3. Teach them more about it

One of the best tips when it comes to removing the fear of something is to learn some interesting facts about it and get to know it better. This can help to take some of the mystery and unpredictability from it, as fear often lies in the unknown. 

Our brains are hard-wired to keep us safe, so we tend to fill in the gaps in our knowledge with a worst-case scenario to make sure we are prepared for the worst.

4. Encourage them to see it differently

Consider the different ways you could view the thing they are afraid of. If it is a creature (spider, mouse, snake, etc.), can you see it as a living thing with a personality, family, and feelings? Can you give it a funny voice? Could you make up a story as to what it is doing? Can you give it a silly name?

If it is an inanimate object, can you break it down into parts to see it for what it really is? (e.g., plastic, string, and dye). Their mind might be automatically seeing it as something scary when actually it’s just a blob with some googly eyes on it!

5. Face it in small steps

Take baby steps to build tolerance for it.
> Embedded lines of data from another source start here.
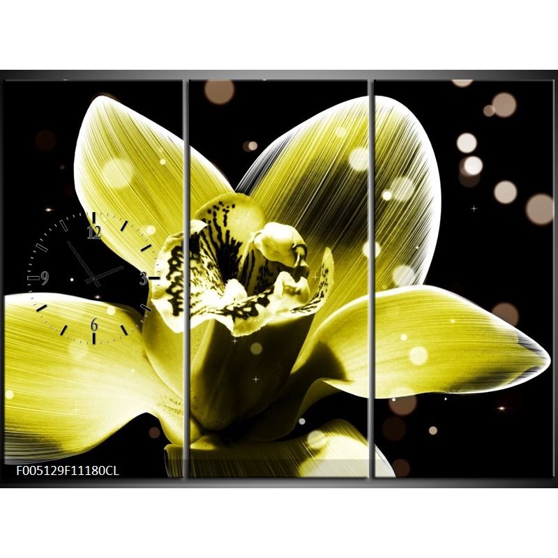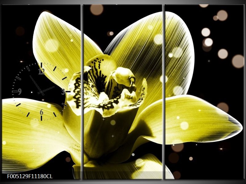 Klok schilderij Iris | Geel, Zwart | 111x80cm 3Luik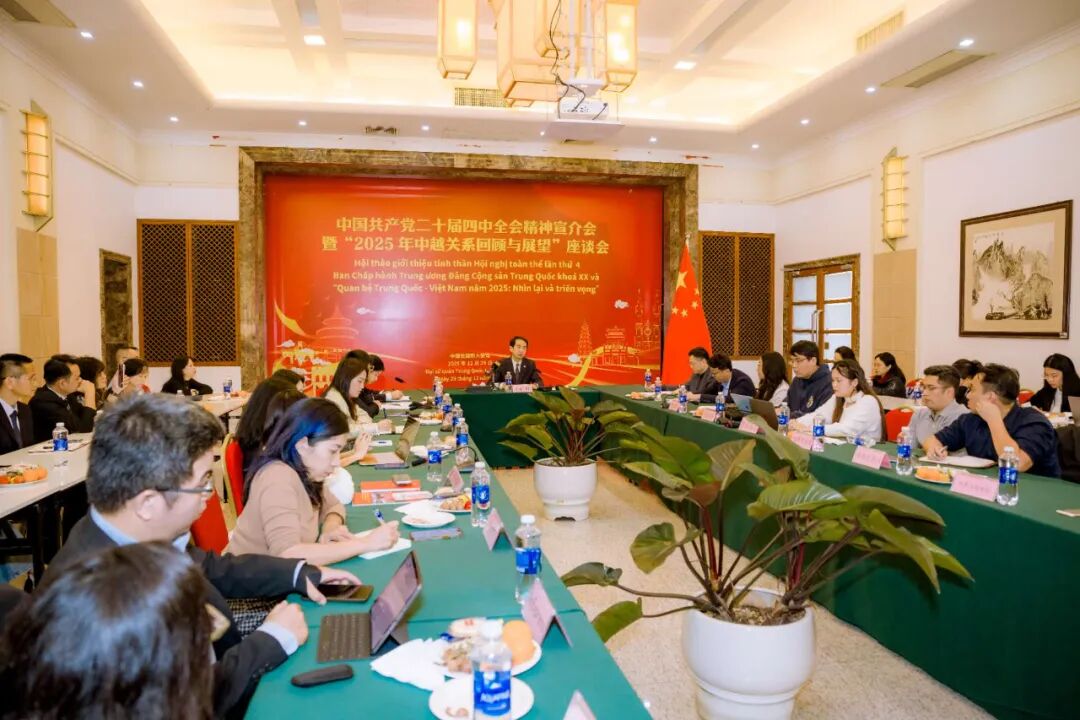 12月29日,驻越南使馆举办二十届四中全会精神宣介会暨2025年中越关系回顾与展望座谈会,何炜大使出席并接受中越主流媒体联合采访。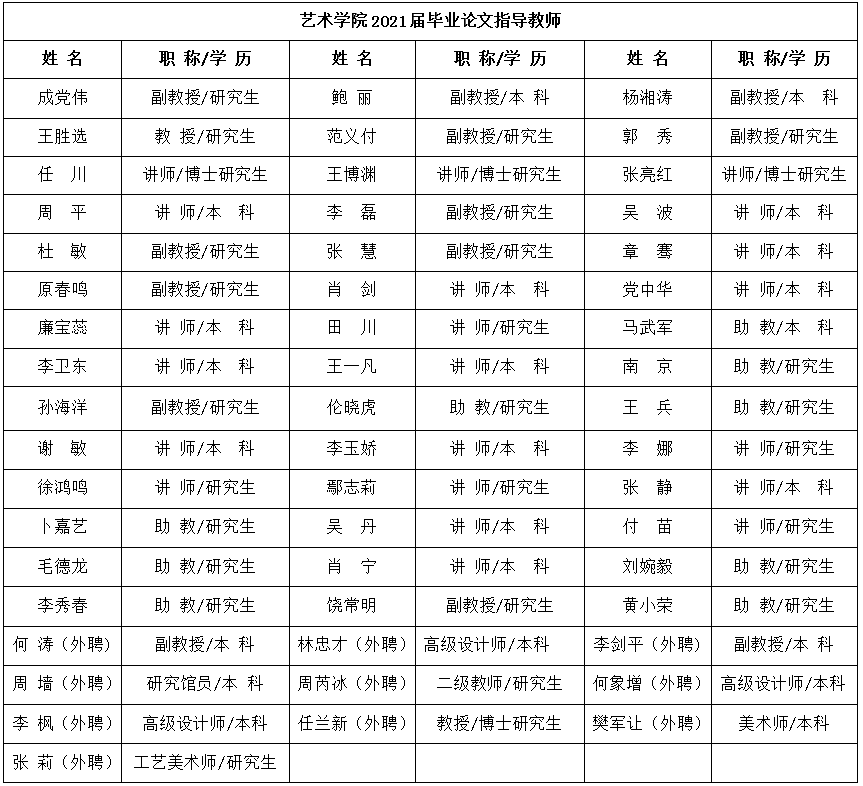 指导教师的聘任资格:具有中级以上专业技术职称或研究生学历的教师均可。助教一般不能单独指导毕业论文,为培养年轻教师,具有助教职称的教师可以和副教授以上人员组成小组联合指导,可与校外行业专家联合指导。每位教师指导人数原则上不超过8人。

Start by encouraging them to be in the same room as it. Ask them, “Can you stand nearer to it? A bit closer? Now, can you touch it?” etc. Celebrate each step with some sort of dopamine-fueled reward (a sweet treat, a dance, a high-five, etc.) to encourage their brain to do it again.

Telling them off for being silly is only going to make their brain associate even more negative feelings with it. Rewarding the little wins will help them keep taking positive steps towards overcoming their fear.

6. Seek help if needed

Lots of people have had success with things like hypnotherapy, NLP, exposure therapy, and even counselling to help them manage or overcome fears. Most practitioners will offer a free chat to see if they think they could help your child.